[英]Producing a summary table from a pandas dataframe
I have a log of events from an algorithmic trading bot loaded into a dataframe that looks like this:我有一个算法交易机器人的事件日志加载到 dataframe 中,如下所示:
datetime_long high low trade_direction trade_entry trade_exit
159 2021-02-05 10:15:00 88.915 88.6150 LE 1.0 0.0
160 2021-02-05 10:30:00 89.395 88.7800 LX 0.0 1.0
172 2021-02-05 13:30:00 89.090 88.9000 LE 1.0 0.0
177 2021-02-05 14:45:00 89.410 89.1900 LX 0.0 1.0
206 2021-02-08 15:30:00 88.885 88.6600 LE 1.0 0.0
207 2021-02-08 15:45:00 89.080 88.7700 LX 0.0 1.0
"LE" indicates a long entry, "LX" a long exit, "SE" short entry and "SX" short exit. “LE”表示做多,“LX”表示做多,“SE”表示做空,“SX”表示做空。 The goal would be to get each "exit" on the same row as the prior "entry" so that I could perform some simple arithmetic computations like determining profit, average hold time, etc.
目标是让每个“退出”与之前的“进入”在同一行,以便我可以执行一些简单的算术计算,如确定利润、平均持有时间等。
How does one go about "shifting" only exits up one row so that my entries and corresponding exits are on the same line?一个关于“移位”的 go 如何只退出一行,以便我的条目和相应的退出在同一行?
You can use .str.contains()
to check if elements in Series contains value.您可以使用
.str.contains()
检查 Series 中的元素是否包含值。
X_mask = df['trade_direction'].str.contains('X')
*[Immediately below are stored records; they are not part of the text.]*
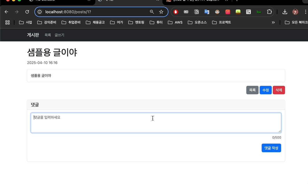 백엔드 API 로직은 Post와 Comment가 각각 독립적 도메인이어서인지, 문제가 없었습니다. 문제가 발생한 영역은 기존 코드를 수정하여 처리하는 프론트엔드 영역이었습니다. 아래 화면에서 확인 할 수 있듯, UI 생성까지는 잘 처리해줬습니다.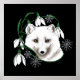 An Arctic fox gazes outward in this Art Nouveau inspired portrait. Four snowdrop flowers encircle the fox with white snowflakes. Set against a black backdrop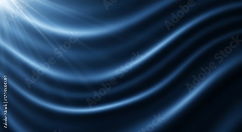 © TheseusStock, Obraz premium Elegant glow with soft blue-white gradient fabric texture, mysterious illuminated dark background with abstract beams for banner design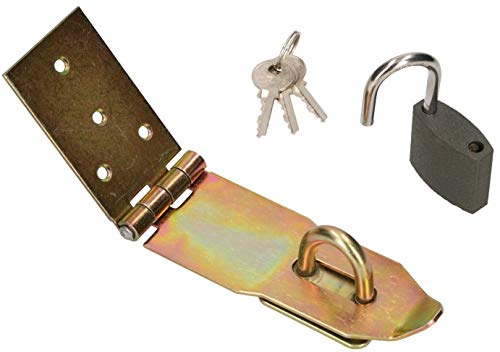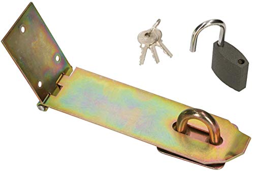 KOTARBAU® Överkast med hänglås, 3 olika storlekar, gul, galvaniserad, bräddavlopp, dörrband, överkast, pansarlås, säkerhetsskydd (120 mm)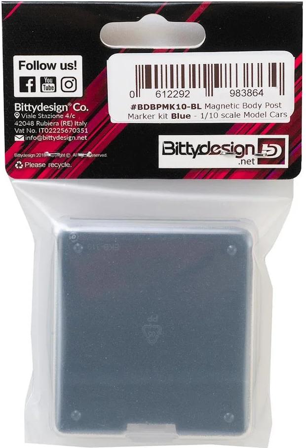 The Bittydesign Magnetic Body Post Marker Kit is a great tool to help get your body post holes lined up perfectly. Anyone who has mounted a body - especially a painted body - knows how difficult it is to get the post holes lined up perfectly. This high powered magnet kit helps you find the position of the body posts, dramatically simplifying the hole marking process. The kit is optimized to be used on all the 1/10 scale Off and On-Road cars and is a must have for enthusiasts that demand perfection.
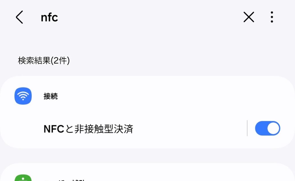 アンドロイドの場合は、設定から検索メニューで「NFC」と打つと、設定メニューが出ます。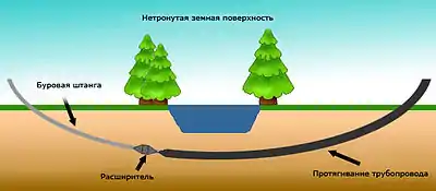 - бестраншейная технология прокладки, которая возможна при горизонтальном бурении (сокр. ГНБ);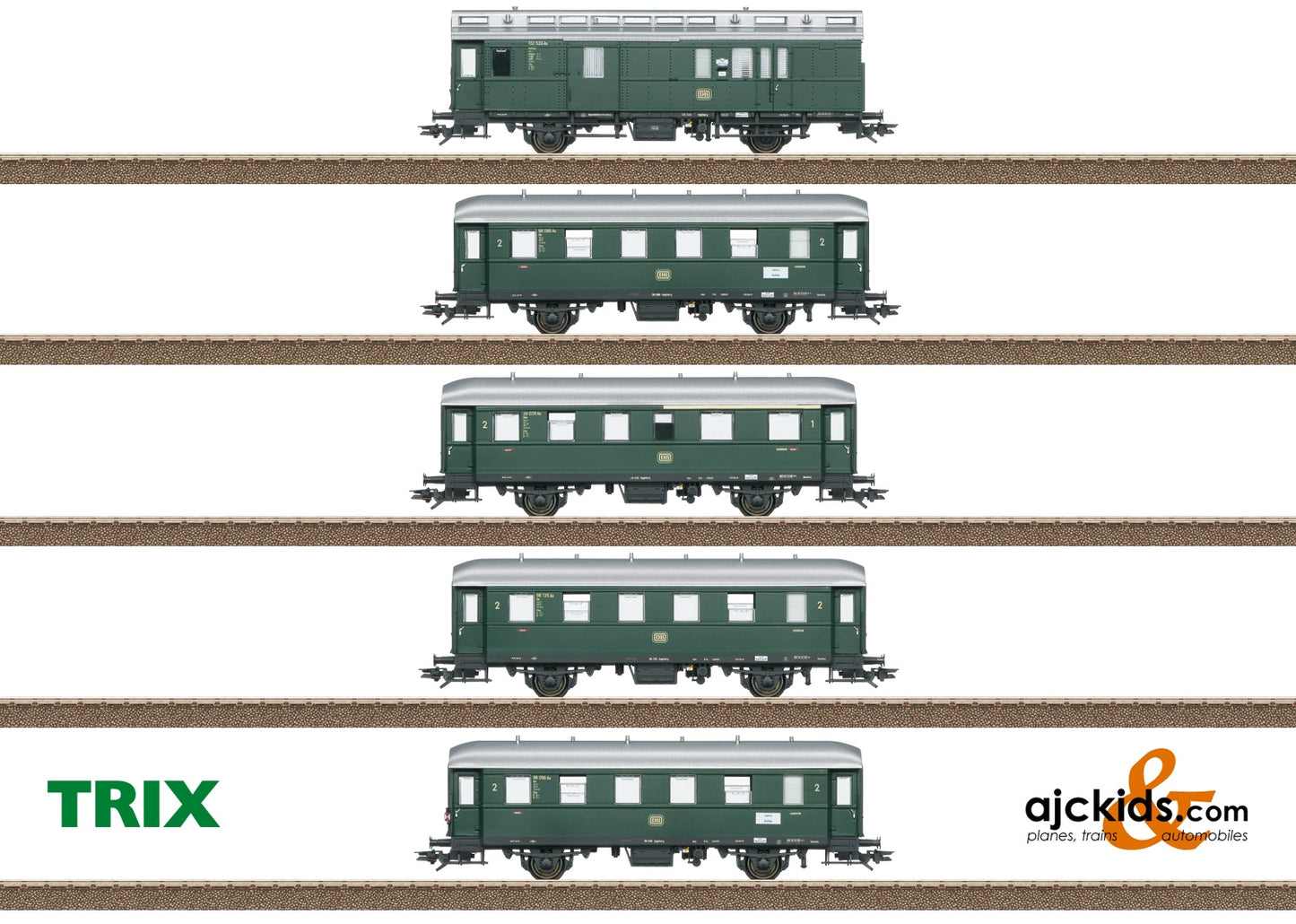 Prototype: Five German Federal Railroad (DB) passenger cars. One type PwPostie baggage/mail car, one type Abie corridor car, 1st/2nd class, and three type Bie corridor cars, 2nd class. Bottle green paint scheme. The cars look as they did around 1958.

X_previous_mask = X_mask.shift(-1).fillna(False)
E_mask = df['trade_direction'].str.contains('E')
You can use您可以使用
# Entry Rows where Entry next row is Exit
X_previous_E_mask = X_previous_mask & E_mask
# Entry and Exit Rows where Entry next row is Exit
X_and_previous_E_mask = X_previous_E_mask | X_mask
At last, you can use boolean indexing to select rows.最后,您可以使用 boolean 索引到 select 行。
df[mask]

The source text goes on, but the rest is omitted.